The CEDAR priorites for HepML are:
- To develop a standard XML format for the parameters of Monte Carlo event generators. This should allow the state of a generator to be configured, catalogued and reproduced. See GeneratorSchema for more details.
- To develop an XML format for I/O of HepData experimental data records. See HepDataSchema for more details.
In developing these we have made some UtilitySchemas which may be used by both the HepDataSchema and GeneratorSchema. There is some duplication here with schemas developed under the LCG HepML namespace and we will work to bring these into line in a common set of schemas.
In addition to a format definition, the schema provides optional elementary data validation, e.g.
- Enumeration constraints applied to the value of an attribute, for example, units quoted for a measurement of Energy should be GeV, MeV, eV, etc.
- Unique constraints; for example a <code>generatorSettings</code> element should contain only one parameter of a certain type with a specific name.
The whole schema set will be developed in tandem with other HepML schemas such as those for Les Houches accord information exchange between generators, generators event records and other utlities. The central documentation for this is on these CERN wiki pages.
The following diagram illustates the current structure of the CEDAR HepML schema and how it is used to define, for example, generator specific schema (diagram not yet updated for merger with LCG).
The top level schema hepml.xsd defines separate namespaces under which independent development can take place. It is planned to create a central namespace where stable and widely agreed schema can eventually be placed.
The HepML schema can beused either on its own to validate a HepML document or it can be used to derive schemas which are restricted versions of the HepML schema which in turn can be used to validate the type of HepML document that the restricted schema is designed for.
The Pythia generator is always run with one random number seed. This is specified using one instance of the "seed" element in the pythia HepML output file (see for example pythia6.xml). The Herwig generator can be run with up to two random seeds. This is specified using two instances of the "seed" element in the herwig HepML output file (see herwig.xml). The top-level HepML schema (hepml.xsd) specifies that the output HepML file should contain a maximum of two "seed" elements. Therefore, with respect to the "seed" element both the pythia and herwig output files will validate against the top-level HepML schema. However it may be desirable to validate the pythia output file against a schema which explicitly requires that there is only one instance of the "seed" element. This is done by defining a new schema (for example pythia6.xsd) which inherits all the definitions from the top-level HepML schema (hepml.xsd) but in addition restricts the "seed" element to just one occurance. In the same way a herwig specific schema (for example fherwig.xsd) can be created to restrict the "seed" element to up to two occurances. A Pythia HepML file will validate against the Pythia schema but not the Herwig schema. Similarly, the Herwig output HepML file will validate against the Herwig schema but not the Pythia schema. However, both will validate against the HepML schema.
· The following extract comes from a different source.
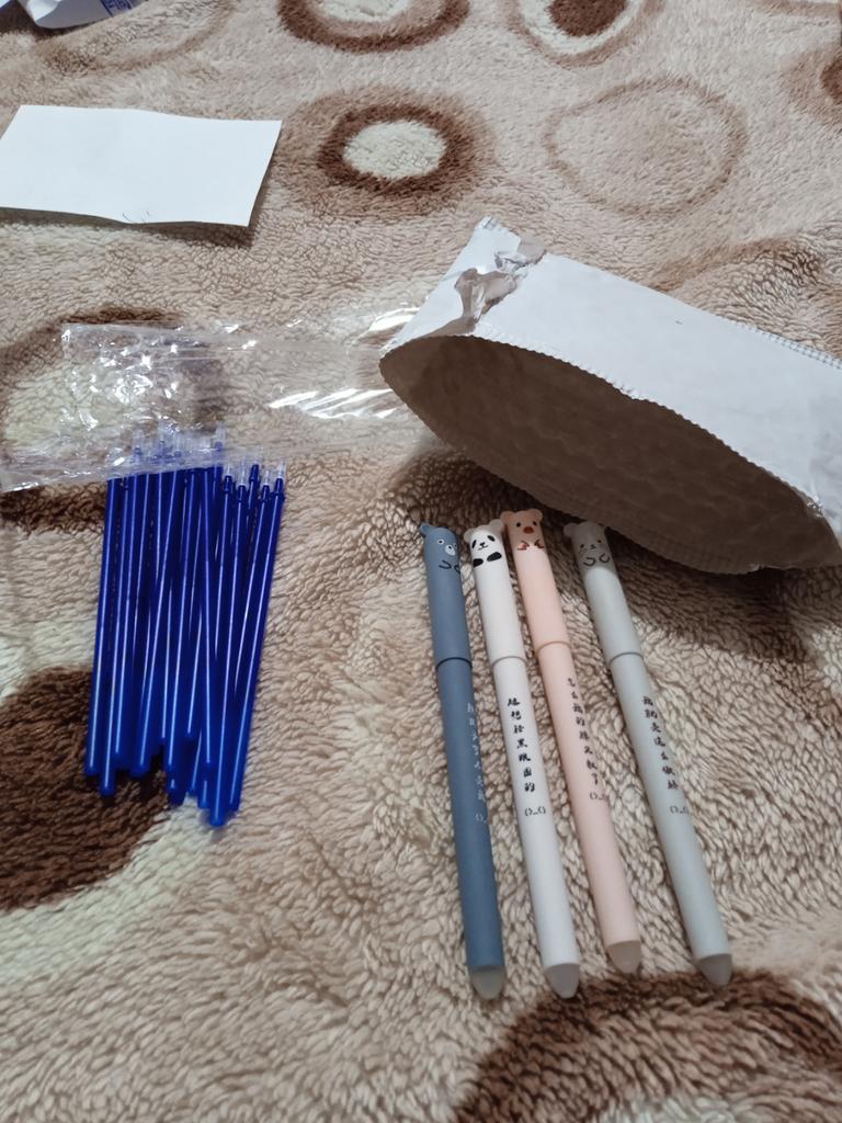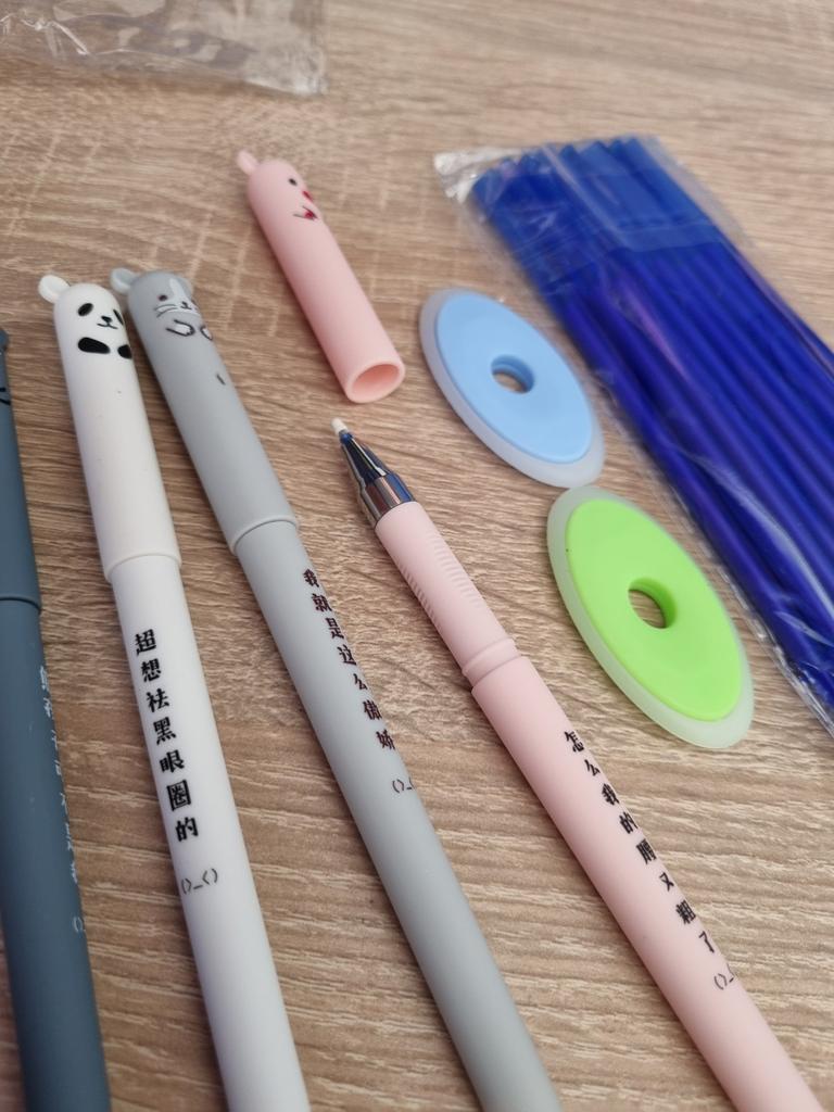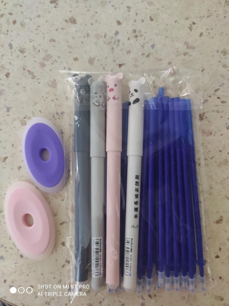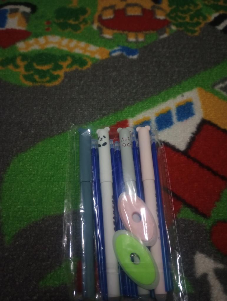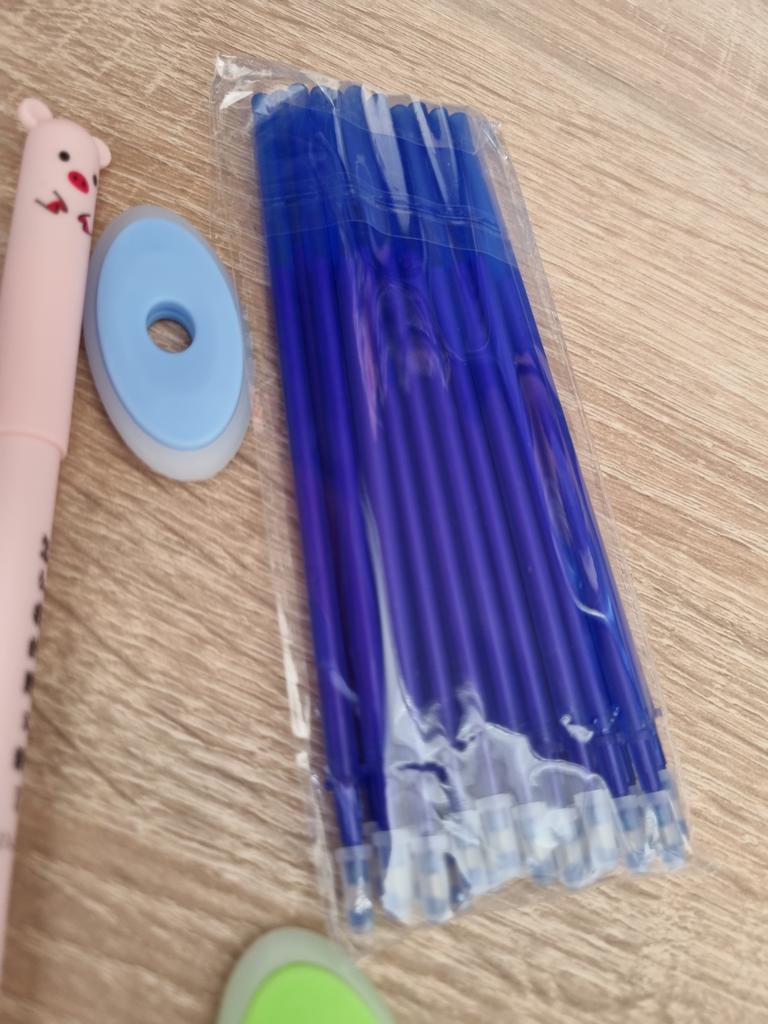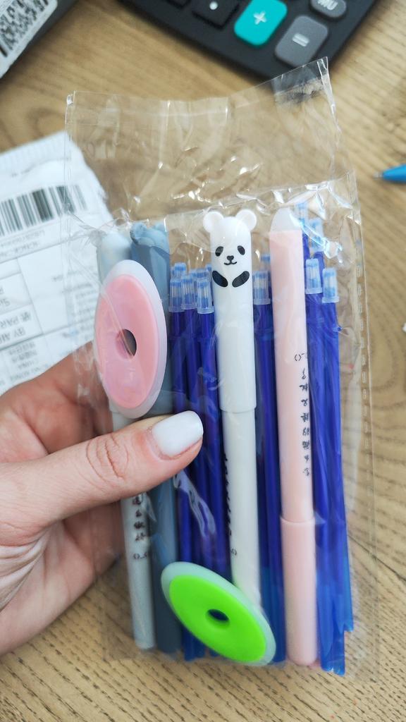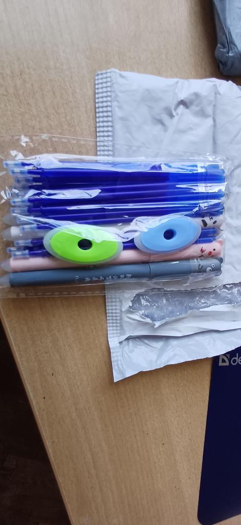 Le penne sono molto belle e scrivono bene, è bello che siano dotate di molte ricariche ed è molto comodo poterle cancellare se commetti un errore.

Any HepML document will always validate against the top-level HepML schema and the restricted schemas only contain restrictions on the elements which are already defined in the top-level HepML schema. Any extensions that need to be made are done so by making additions to the current subschemas or defining a new subschema.
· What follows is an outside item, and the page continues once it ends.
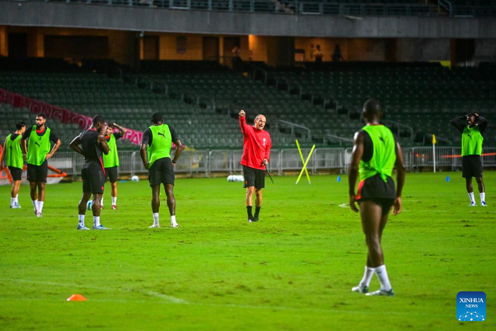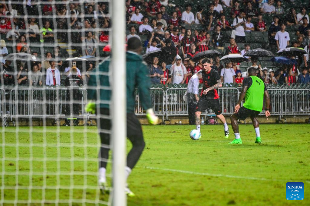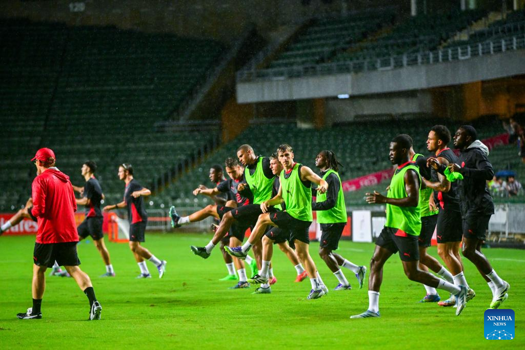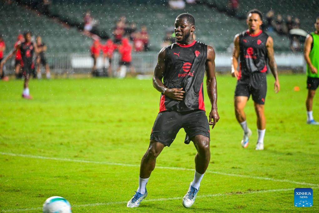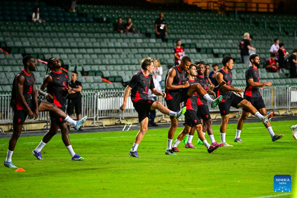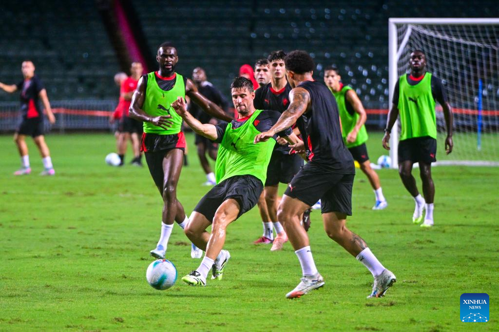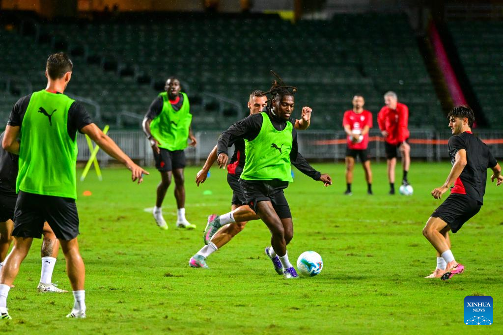 Members of AC Milan attend the open training session in Hong Kong, south China, on July 25, 2025, ahead of the Hong Kong Football Festival match between AC Milan and Liverpool. (Xinhua/Zhu Wei)

A brief discussion of the various schemas and subschemas is now given.
HepML top-level schema
Here is the XML schema defining the top-level hepml element and its possible contents:
See the discussion about reactions and particles in HepML at
XML Schema Validation
One quick way to validate an XML document against a Schema is to download the Xerces2 Java-based XML parser and run the dom.Writer class from the command line. There is also a C++-based Xerces XML parser.
A simpler, and equally quick, way is to use a good XML editor such as Oxygen.
HepML in action
The links below show where HepML is currently used in the HEP community
- HZSteer: The generator parameters for Herwig and Pythia can be written in HepML, using the routines HZHRWXML and HZPYTXML
- Jetweb: Generator information read and processed using HepML. The relevant classes are in
- cedar.jetweb.xml (they also do AIDA I/O for histograms).
Working on the HepML project
If you have any suggestions for the enhancement of the HepML project or indeed you are interested in working on the project itself then please feel free to contact the HepML project team at hepml@….
CEDAR HepML and LCG HepML Namespaces
Currently these two namespaces are independent under a top level schema. As things progress, the LCG and CEDAR developers will attempt to make use of commonalities and remove duplication as and when it is appropriate.